Stulemeijer Iris J E, De Vos Dirk, van Harten Kirsten, Joshi Onkar K, Blomberg Olga, van Welsem Tibor, Terweij Marit, Vlaming Hanneke, de Graaf Erik L, Altelaar A F Maarten, Bakker Barbara M, van Leeuwen Fred
Division of Gene Regulation, Netherlands Cancer Institute, Amsterdam, 1066 CX, The Netherlands.
Department of Biology, University of Antwerp, Antwerp, 2020, Belgium.
Sci Rep. 2015 May 12;5:9824. doi: 10.1038/srep09824.
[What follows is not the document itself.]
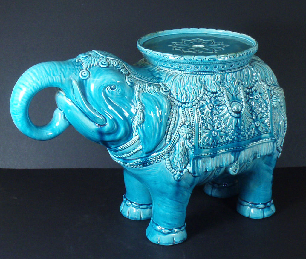 A turquoise glazed elephant plant stand Possibly Burmantofts pottery
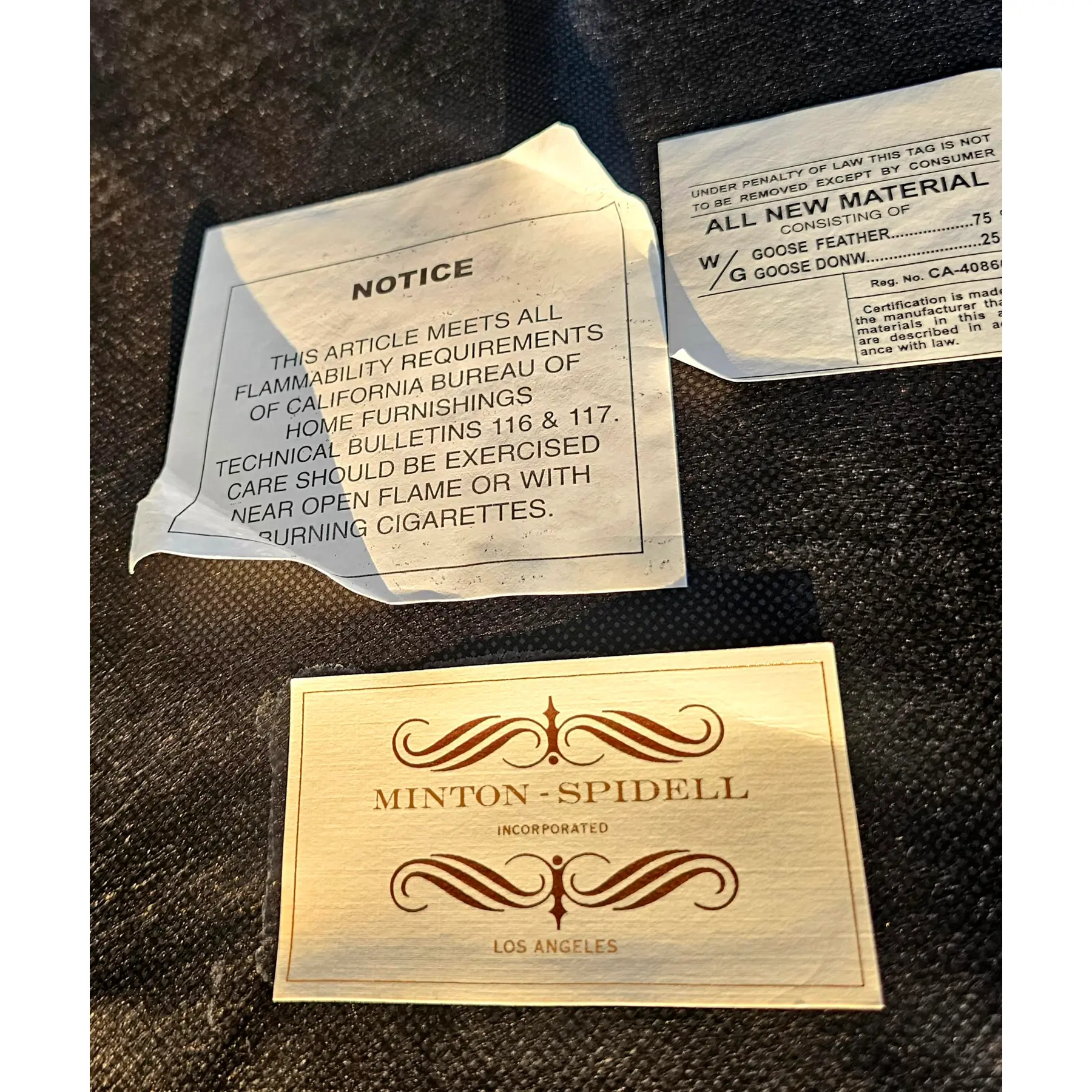 Original Minton-spidell brass plaque and upholstery tags

The conserved histone methyltransferase Dot1 establishes an H3K79 methylation pattern consisting of mono-, di- and trimethylation states on histone H3 via a distributive mechanism. This mechanism has been shown to be important for the regulation of the different H3K79 methylation states in yeast. Dot1 enzymes in yeast, Trypanosoma brucei (TbDot1A and TbDot1B, which methylate H3K76) and human (hDot1L) generate very divergent methylation patterns. To understand how these species-specific methylation patterns are generated, the methylation output of the Dot1 enzymes was compared by expressing them in yeast at various expression levels. Computational simulations based on these data showed that the Dot1 enzymes have highly distinct catalytic properties, but share a distributive mechanism. The mechanism of methylation and the distinct rate constants have implications for the regulation of H3K79/K76 methylation. A mathematical model of H3K76 methylation during the trypanosome cell cycle suggests that temporally-regulated consecutive action of TbDot1A and TbDot1B is required for the observed regulation of H3K76 methylation states.
保守的组蛋白甲基转移酶Dot1通过一种分布机制在组蛋白H3上建立了由单甲基化、二甲基化和三甲基化状态组成的H3K79甲基化模式。该机制已被证明对酵母中不同H3K79甲基化状态的调控很重要。酵母、布氏锥虫(TbDot1A和TbDot1B,它们使H3K76甲基化)和人类(hDot1L)中的Dot1酶产生非常不同的甲基化模式。为了了解这些物种特异性甲基化模式是如何产生的,通过在酵母中以各种表达水平表达Dot1酶来比较它们的甲基化输出。基于这些数据的计算模拟表明,Dot1酶具有高度不同的催化特性,但共享一种分布机制。甲基化机制和不同的速率常数对H3K79/K76甲基化的调控有影响。锥虫细胞周期中H3K76甲基化的数学模型表明,观察到的H3K76甲基化状态的调控需要TbDot1A和TbDot1B的时间调控连续作用。